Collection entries
——
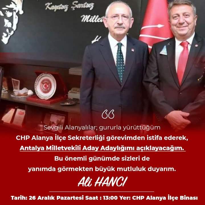 CHP Alanya İlçe Sekreteri Ali Hancı, milletvekili aday adayı olmak için bugün görevinden istifa ediyor. Hancı yaptığı açıklamada şunları söyledi:
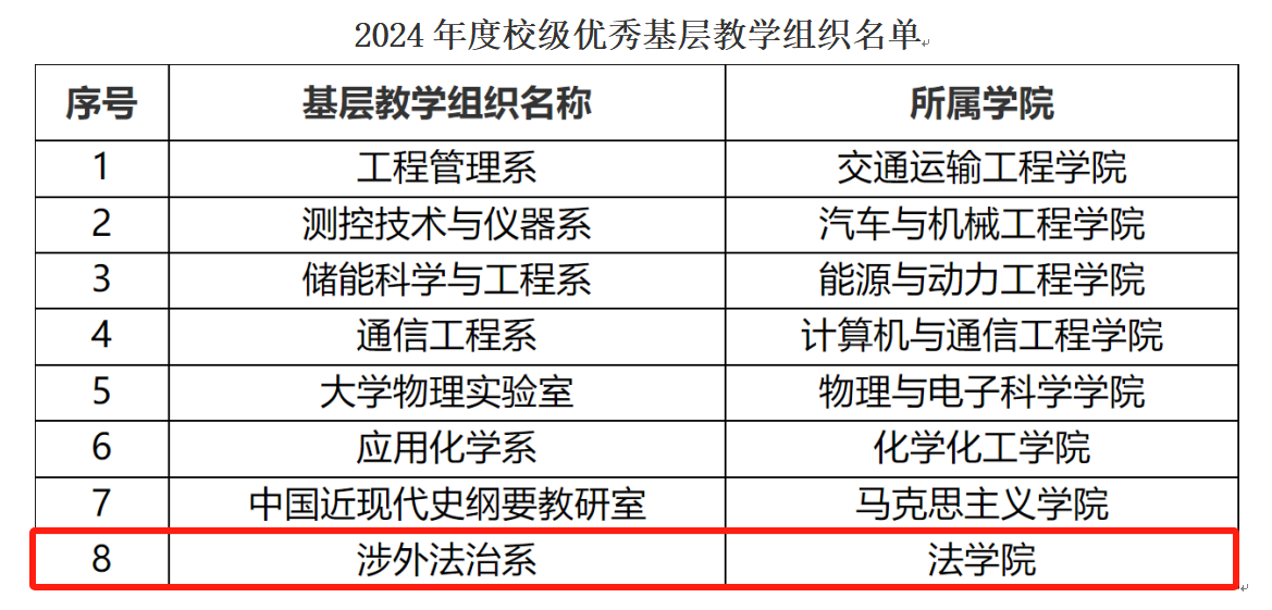 近日,经专家多轮评审开云官网评选出8个校级优秀基层教学组织,我院涉外法治系荣获2024年度校级优秀基层教学组织称号。
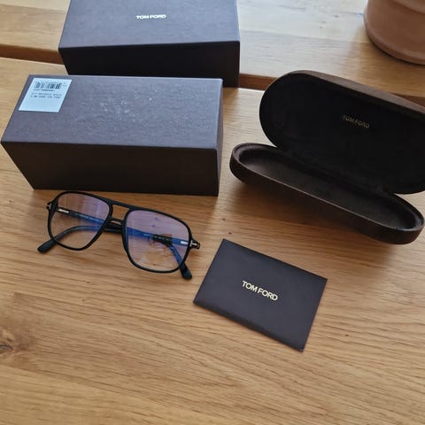 Tom Ford briller med +4 glass vis man ønsker det. Shaded Litt mørkere glass i toppen av ramma vis man er litt lyssky.
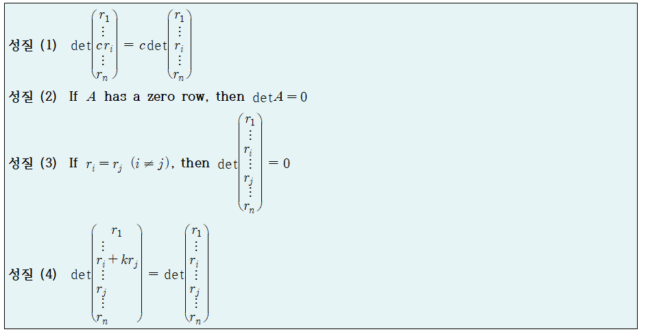 이 부분을 알기 위해서, 9번째 포스팅에 있던 Determinant의 성질을 가져와보았습니다.
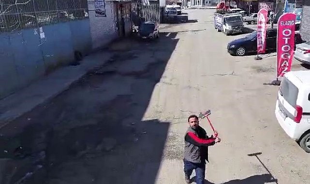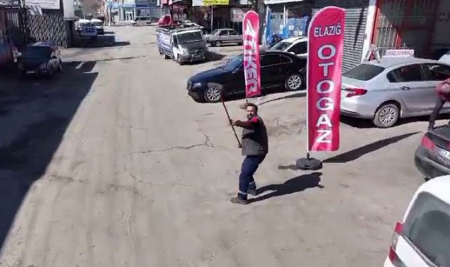 Olay Elazığ merkezde bulunan sanayi sitesi içerisindeki bir iş yerinin önünde meydana geldi. Burada dron kaldıran bir kişi, etrafı çekmeye başladı. Bu sırada dükkanın önünü temizleyen bir çalışan, dronu görünce önce panikledi. Daha sonra elindeki fırça ile dronu kovalamaya çalışan işçi, başarılı olamayınca geri döndü.
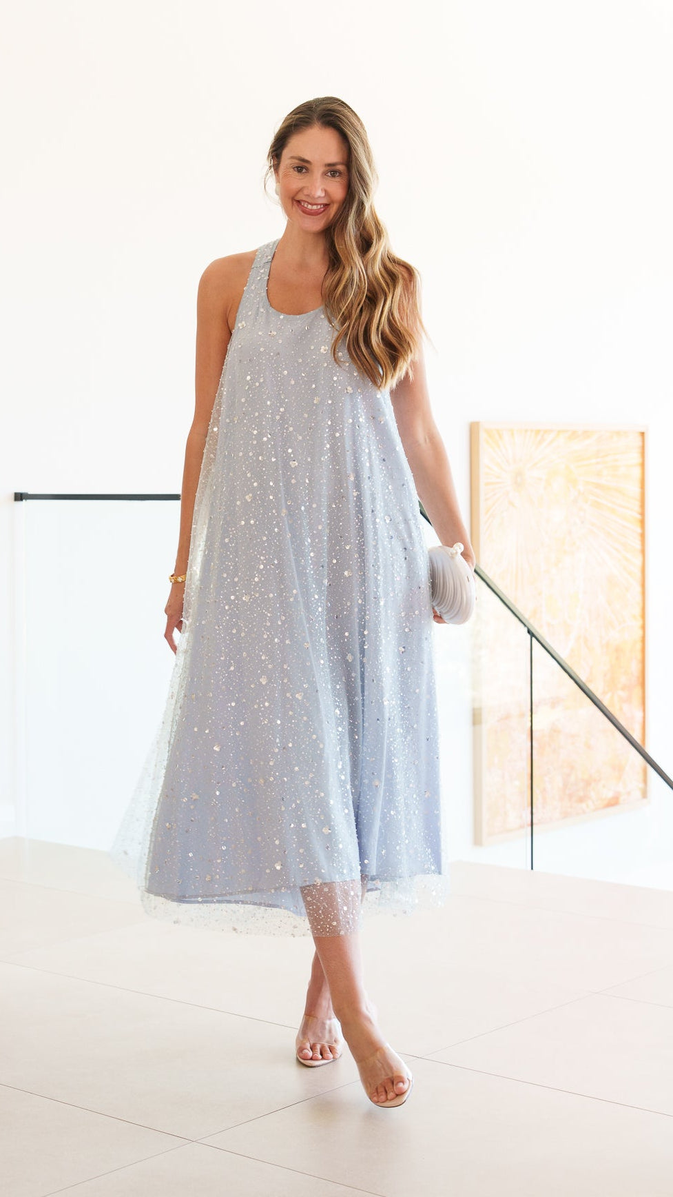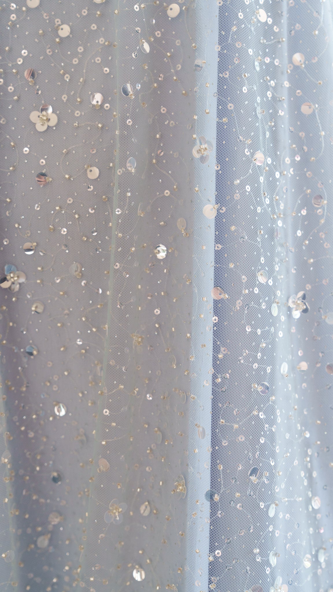 - Dusty blue with tulle mesh overlay and detail sequin and beads.
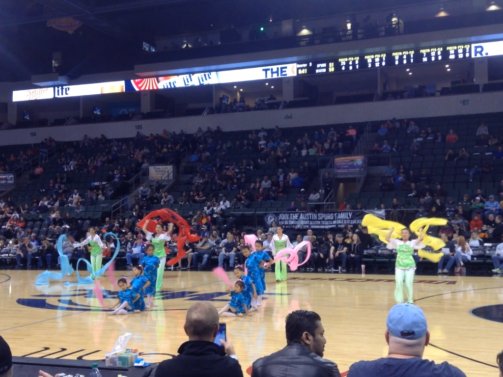 11月18日,中華之愛舞者兵分兩路,爲亞裔資源中心所舉辦的亞洲服裝秀,展現傳統服裝與現代服裝,同時由葉瑜慧校長親自率隊前往HEB Center 參加 Austin Spurs 職業籃球比賽的中場休息時段的演出,當中華之愛舞者上場時,全場一千多名觀眾熱情歡呼,由大小舞者ㄧ起演出別具特色的中華民族舞蹈,帶給德州牛仔們ㄧ大驚喜。演出結束時,掌聲雷動,讓大小舞者開心極了!
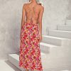 Allover Floral Print Lace Up Backless Draped Front Cami Dress
——
Every line above must be printed again exactly, pictures excluded.

◆ Output of the task ◆
 CHP Alanya İlçe Sekreteri Ali Hancı, milletvekili aday adayı olmak için bugün görevinden istifa ediyor. Hancı yaptığı açıklamada şunları söyledi:
 近日,经专家多轮评审开云官网评选出8个校级优秀基层教学组织,我院涉外法治系荣获2024年度校级优秀基层教学组织称号。
 Tom Ford briller med +4 glass vis man ønsker det. Shaded Litt mørkere glass i toppen av ramma vis man er litt lyssky.
 이 부분을 알기 위해서, 9번째 포스팅에 있던 Determinant의 성질을 가져와보았습니다.
 Olay Elazığ merkezde bulunan sanayi sitesi içerisindeki bir iş yerinin önünde meydana geldi. Burada dron kaldıran bir kişi, etrafı çekmeye başladı. Bu sırada dükkanın önünü temizleyen bir çalışan, dronu görünce önce panikledi. Daha sonra elindeki fırça ile dronu kovalamaya çalışan işçi, başarılı olamayınca geri döndü.
 - Dusty blue with tulle mesh overlay and detail sequin and beads.
 11月18日,中華之愛舞者兵分兩路,爲亞裔資源中心所舉辦的亞洲服裝秀,展現傳統服裝與現代服裝,同時由葉瑜慧校長親自率隊前往HEB Center 參加 Austin Spurs 職業籃球比賽的中場休息時段的演出,當中華之愛舞者上場時,全場一千多名觀眾熱情歡呼,由大小舞者ㄧ起演出別具特色的中華民族舞蹈,帶給德州牛仔們ㄧ大驚喜。演出結束時,掌聲雷動,讓大小舞者開心極了!
 Allover Floral Print Lace Up Backless Draped Front Cami Dress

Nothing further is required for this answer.